A écouter les appréhensions chrétiennes, notamment celles qui concernent le paiement d'une guézia (somme d'argent versée autrefois par les non musulmans), Akef rit aux éclats. « Il n'en est pas question. C'est ridicule », lance-t-il.
Accumuler franchise et droiture est un fait d'armes pour ce militant invétéré en ces temps amers et obscurs. Cela lui vaut la hargne de ses adversaires et concurrents, mais aussi l'adhésion de ses pairs et le respect de milliers d'adeptes. Un fait qui n'est pas sans rehausser sa tâche de guide général de la confrérie. D'ailleurs, il entreprend les démarches nécessaires aux moments décisifs comme une lame de fond ou une fusée d'espoir dans la nuit.
Bien qu'il consacre le plus clair de son temps à son travail de guide spirituel de la confrérie, Akef n'omet pas de consolider les liens avec sa famille et veille à ses intérêts.
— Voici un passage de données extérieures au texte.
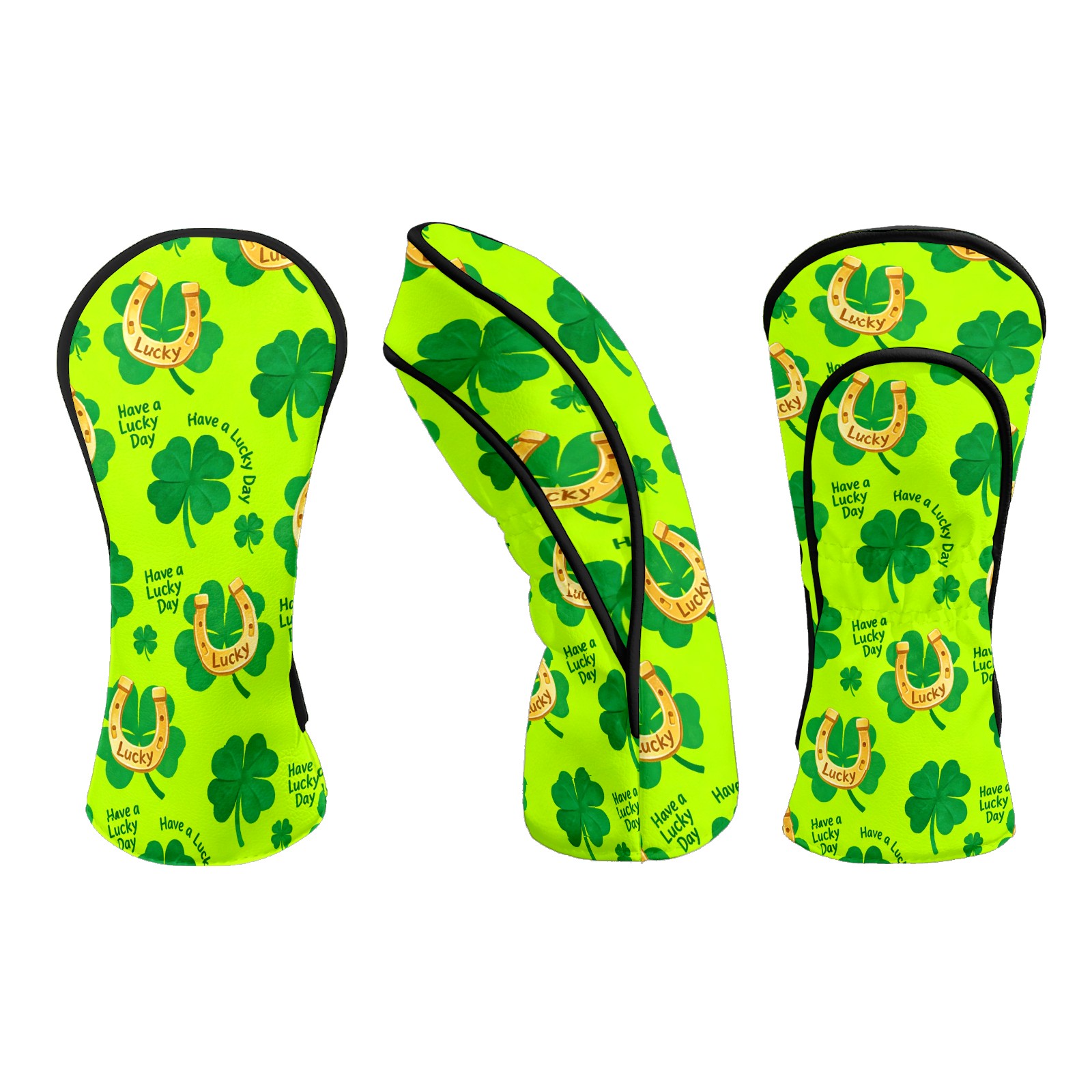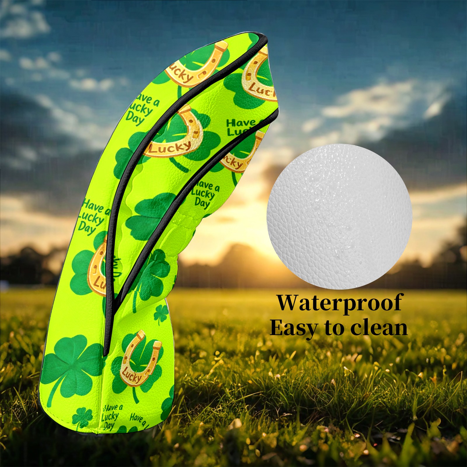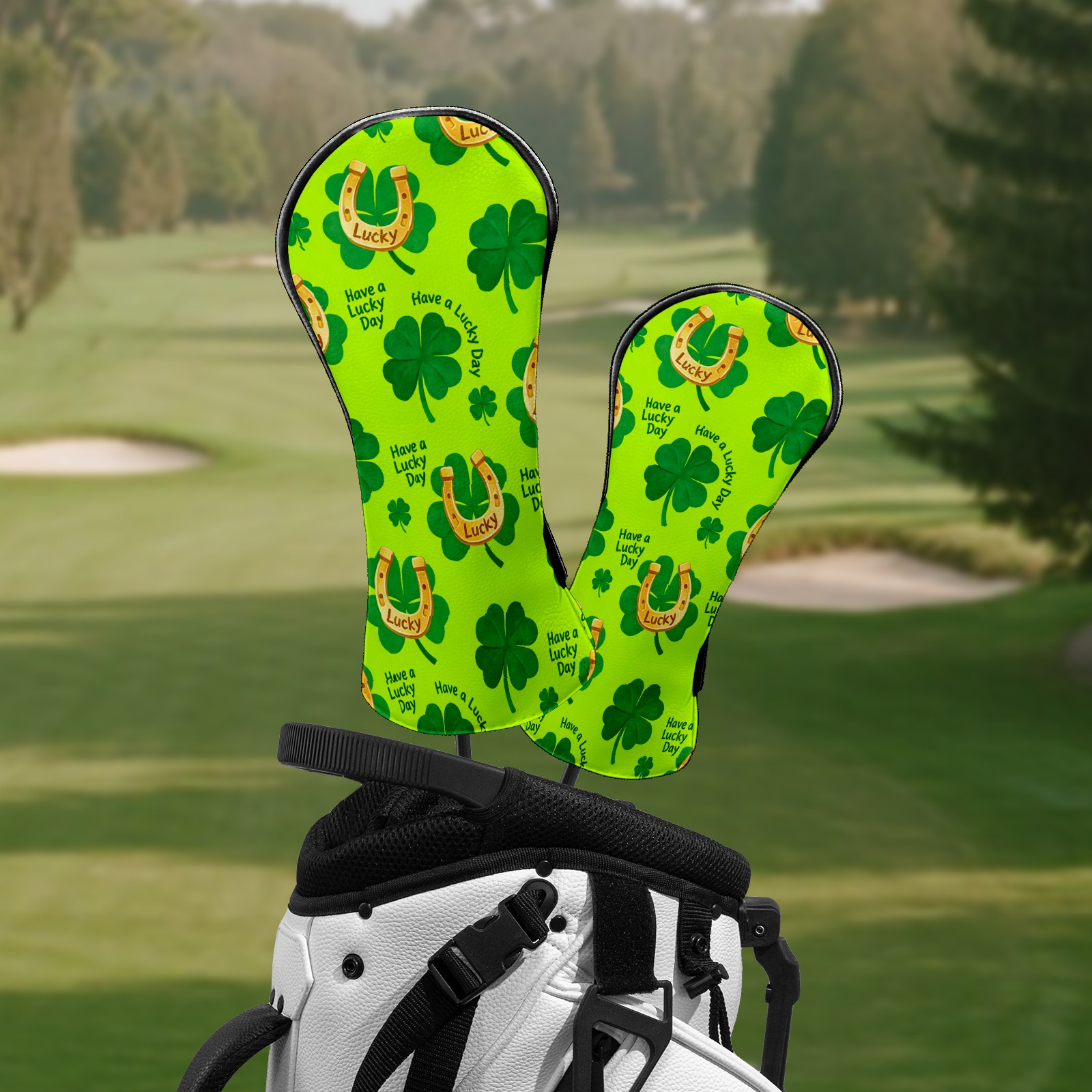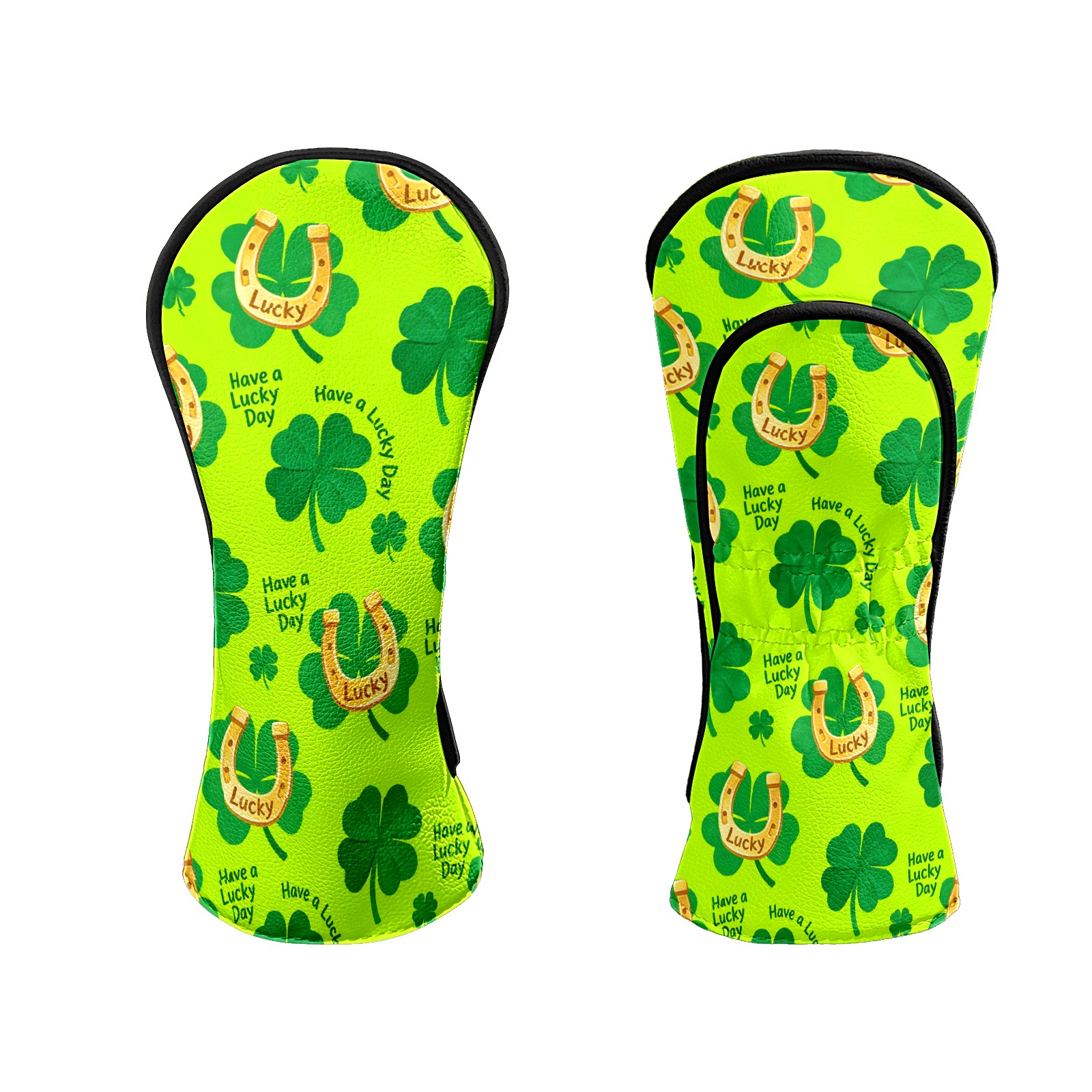 Golf Club Head Covers – Lucky Clover Horseshoe Green with Soft Plush Lining, Waterproof PU Leather for Driver & Fairway Woods | Durable, No-Slip Elastic Fit | Fun Gift for Men Who Golf

Il consacre du temps à s'occuper d'une petite ferme, aux alentours du Caire, où il s'adonne à un repos mérité du guerrier. « Je suis père de deux garçons et de deux filles, j'essaye de leur apprendre les principes de l'islam. Ils ont été élevés sous les auspices de la confrérie sans jamais intégrer ses rangs. J'ai toujours respecté leur indépendance et leurs choix ». Et d'ajouter : « Je n'ai même pas cherché à leur faire obtenir des emplois prestigieux. En revanche, j'ai tenu à arranger de bons mariages de convention pour mes filles ». Le guide suprême parle sur un ton détendu, entouré d'une ruche d'abeilles. Car dans son bureau de Manial, les employés et les fidèles ont tous l'air très affairé. Tout le personnel se promène pieds nus, laissant les chaussures bien rangées à l'entrée .
Ola Hamdi
Jalons
1928 : Naissance à Daqahliya.
1940 : Adhésion aux Frères musulmans.
1950 : Diplôme de la faculté de formation sportive.
1951 : Etude de droit, Université du Caire.
1954 : Prison pendant 20 ans.
1987 : Membre du bureau d'orientation.
2004 : Désigné guide suprême des Frères Musulmans.